Sam Rusk, BS1 • Yoav N. Nygate, MS1 • Chris R. Fernandez, MS1 • Jiaxiao M. Shi, PhD2 • Jessica Arguelles, BS2 • Matthew T. Klimper, BS2 • Nathaniel F. Watson, MD, MS3 • Robert Stretch MD4 • Michelle Zeidler MD5 • Anupamjeet Sekhon, MD2 • Kendra Becker MD2 • Joseph Kim MD2 • Dennis Hwang, MD, PhD2
Introduction
Improving positive airway pressure (PAP) adherence is crucial to sleep apnea therapy success. Although behavioral interventions may be deployed to increase PAP adherence, operationalization remains an ongoing clinical challenge. Treatment outcomes may be optimized by forecasting PAP use to identify patients at risk for non-adherence enabling early intervention. We build upon our previous work by leveraging a larger dataset, additional metadata, and new Deep Learning approaches to forecast future PAP adherence.
Methods
We collected a cohort of N=21,397 subjects with daily PAP usage recorded during 2015-2021. We defined the input to models as the number of minutes the PAP machine was used during each day for the first 30-days. The ground truth was defined as the PAP adherence of the patients at the 3-month, 6- month, and 1-year endpoints. Adherence was calculated based on a 30-day window as ≥4-hours of usage for ≥70% of nights.
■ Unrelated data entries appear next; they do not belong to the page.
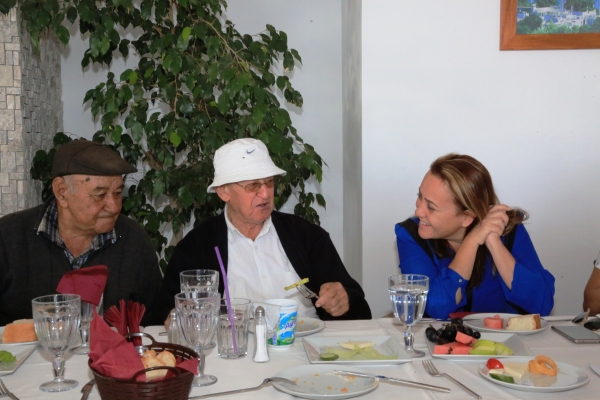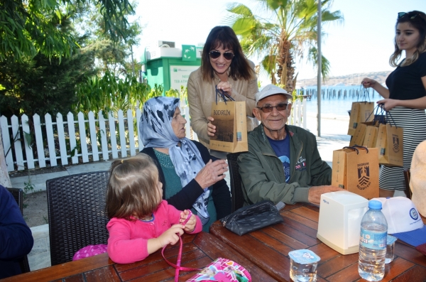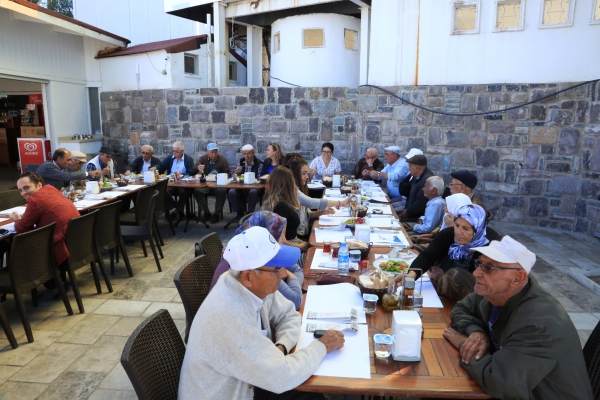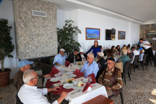 Evlerinden teker teker alınan büyükler, Kumbahçe kafeye getirildi. Kale manzarası eşliğinde keyifli dakikalar geçiren misafirlere yemek ikramında bulunuldu.
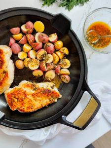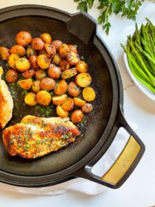 Roast the chicken and potatoes for 25-35 minutes or until the chicken is cooked through with an internal temperature of 165 degrees and the potatoes are fork tender. Mix the potatoes around a bit as they roast to both give them all time on the bottom of the skillet and to re-coat them in the garlic butter a few times as they roast.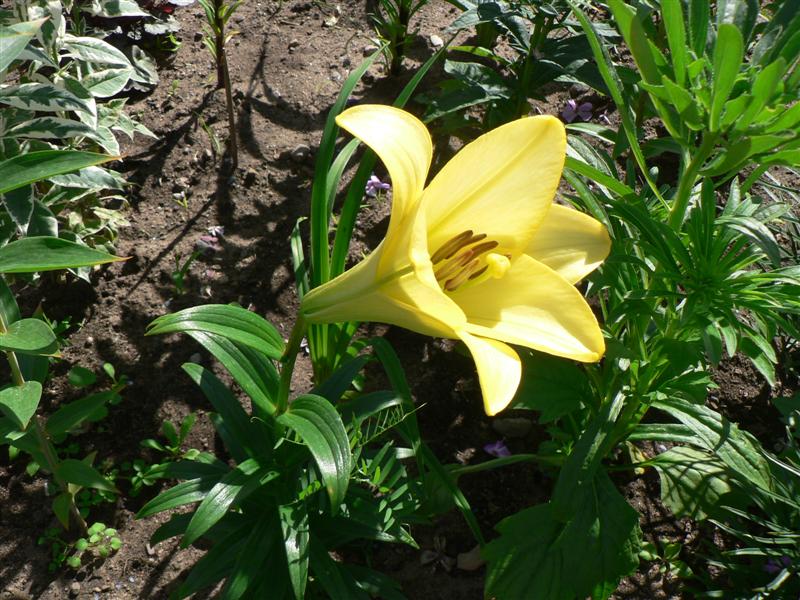 Цветет в июле-сентябре, достаточно продолжительное время. Этот крупный цветок трубчатой формы имеет солнечную лимонно-желтую окраску без вкраплений. При длительном пребывании на ярком солнце выгорает до белого. Эффектно смотрится на фоне насыщенной зеленой листвы. Вырастает не более 100-120 см. Обладает сильно выраженным, насыщенным сладким ароматом.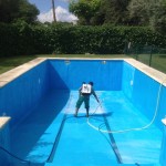 Una vez comprobemos que todo esta correcto, vaciamos el vaso y limpiamos todo el grueso de residuo orgánico que haya quedado del invierno. Después desinfectamos el vaso con ácidos especiales y maquinaria especial, pintamos en caso de necesidad y si es de gresite o poliéster darle un tratamiento de dureza para la cal del agua.

We evaluated a Deep Neural Network (DNN) model with 10-fold cross- validation to forecast future adherence by leveraging previous daily usage information. Results were compared to a naive method which assumes adherence at each time point equals adherence during the first 30-days.
Results
The DNN models predicted adherence with a sensitivity of 90%, 81%, 77% and a specificity of 90%, 81%, 77%, for 3-month, 6-month, and 1-year endpoints, with ROC-AUC values of 0.97, 0.89, and 0.84 respectively. The models converged to ROC-AUC performance >0.90 for the first 90-days within the first 7 to 14-days of PAP use.
Conclusions
DNN models demonstrated strong predictive performance for PAP adherence, as defined by the CMS adherence criteria, measured by sensitivity, specificity, and overall ROC-AUC results at clinically relevant 90-day, 6-month, and 1-year timepoints. AI approaches show promise as early predictors of the likelihood to meet key therapy utilization thresholds within the first 1-2 weeks of therapy, enabling early PAP intervention or transition to alternative therapies.